In April 2025, Aleksandr Lukashenko announced that Belarus would welcome up to 150,000 workers from Pakistan.
The Pakistani Prime Minister Shehbaz Sharif described this invitation as a “gift” to the people of Pakistan.
Belarus currently faces over 198,000 unfilled job vacancies nationwide. Meanwhile, Pakistan sent more than 151,000 skilled workers to Gulf states just in the first quarter of 2025.
On paper, it looks like a straightforward trade. Belarus gains workers to run factories and build infrastructure, while Pakistan eases unemployment and gains remittance income.

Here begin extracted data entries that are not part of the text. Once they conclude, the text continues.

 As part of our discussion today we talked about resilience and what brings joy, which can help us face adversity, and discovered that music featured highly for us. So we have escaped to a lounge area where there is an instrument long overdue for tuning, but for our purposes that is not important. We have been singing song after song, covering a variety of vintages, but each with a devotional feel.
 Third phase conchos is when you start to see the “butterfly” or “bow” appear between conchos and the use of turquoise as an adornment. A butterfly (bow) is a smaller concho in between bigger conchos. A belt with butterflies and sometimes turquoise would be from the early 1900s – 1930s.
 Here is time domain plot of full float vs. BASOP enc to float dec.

In 2024 alone, Pakistani remittances topped an estimated $33 billion. About a million Pakistani skilled workers depart annually for overseas jobs. Every destination counts when the goal is numbers, regardless of who’s on the receiving end.

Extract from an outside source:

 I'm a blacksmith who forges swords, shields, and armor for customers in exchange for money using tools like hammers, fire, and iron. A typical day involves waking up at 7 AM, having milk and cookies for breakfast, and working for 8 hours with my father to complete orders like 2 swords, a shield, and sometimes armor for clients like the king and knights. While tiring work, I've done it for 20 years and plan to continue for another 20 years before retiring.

Trade between Belarus and Pakistan hovered between $50 million and $65 million in 2020 – the last year figures are available. Plans to grow this to $1 billion faded quietly.

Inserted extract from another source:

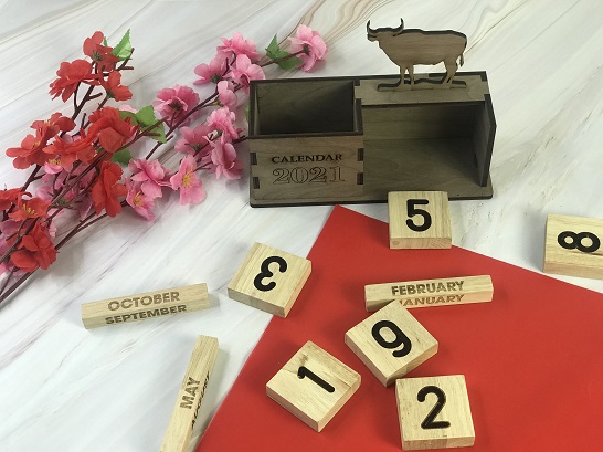 Mẫu lịch bàn đặc biệt LB-LG06 có thiết kế hoàn toàn bằng gỗ, mang đến sự sang trọng cho mẫu lịch. Tất cả thông tin ngày tháng, các họa tiết trang trí tinh xảo đều được khắc trực tiếp lên gỗ. Mẫu lịch hội tụ 3 yếu tố: “công năng, thẩm mỹ, độc đáo”, ngoài việc xem thời gian còn toát lên vẻ đẹp cho không gian nghệ thuật của mọi người.

Around 200 Pakistanis already work in Belarus. By late April, however, Lukashenko noted only “two dozen” had arrived, exposing a gap between promise and reality.
Borders Have Long Memories
During the 2021-22 border crisis, Belarus facilitated migration flows from the Middle East, Africa, and South Asia – including many from Pakistan. Thousands found themselves stranded in forests along Poland, Latvia, and Lithuania’s borders, without food, shelter, or legal protections.
Belarusian officials were accused of weaponizing migration to push back against Western sanctions. This tactic worked effectively before. Poland, Lithuania, and Latvia remember the 2021 crisis, when border guards resorted to pushbacks and dozens died.
These memories shape how neighbouring states view Minsk’s latest announcement. Offering 150,000 workers means more than just filling factories; it presents new strategic options. Poland, Lithuania, and Latvia have accused Belarus of luring migrants with tourist visas and pushing them toward EU borders as part of a bargaining chip.

What Sits Behind the Handshake
The West still does not recognize Lukashenko’s presidency following the disputed 2020 election and harsh crackdown on dissent. Sharif’s visit allowed Lukashenko to boost his image as a legitimate international partner. The two countries signed agreements on military cooperation and defense industry collaboration through 2027.
Military deals between challenged governments rarely are purely defensive. Pakistan needs the numbers to meet remittance goals. Belarus needs workers and potentially more to gain concessions from it's EU neighbours.
But each worker Minsk invites can become a bargaining chip, especially given Belarus’s border with three EU countries.
Pure Economics
Labour migration creates winners.
Sending countries collect remittances, receiving countries fill jobs, and workers earn more than at home. The equation works – until it doesn’t. Until those workers are seen as useful for purposes beyond their promised jobs. Until borders close and workers become pawns.
For the EU, Sharif’s visit rekindles painful memories from 2021-2022. Pakistan benefits from contracts signed today. Workers benefit from wages earned tomorrow. What happens after that falls outside the deal.
Economic deals often follow the same rules as individual deals: every party acts in their self-interest. Morality matters only when it aligns with practical goals. History delivers consequences – justice does not.
The workers heading to Belarus will learn, as earlier migrants have, that migration always carries risk. That risk grows when the host country answers to no larger alliance, respects no outside oversight, and borders wealthier neighbors.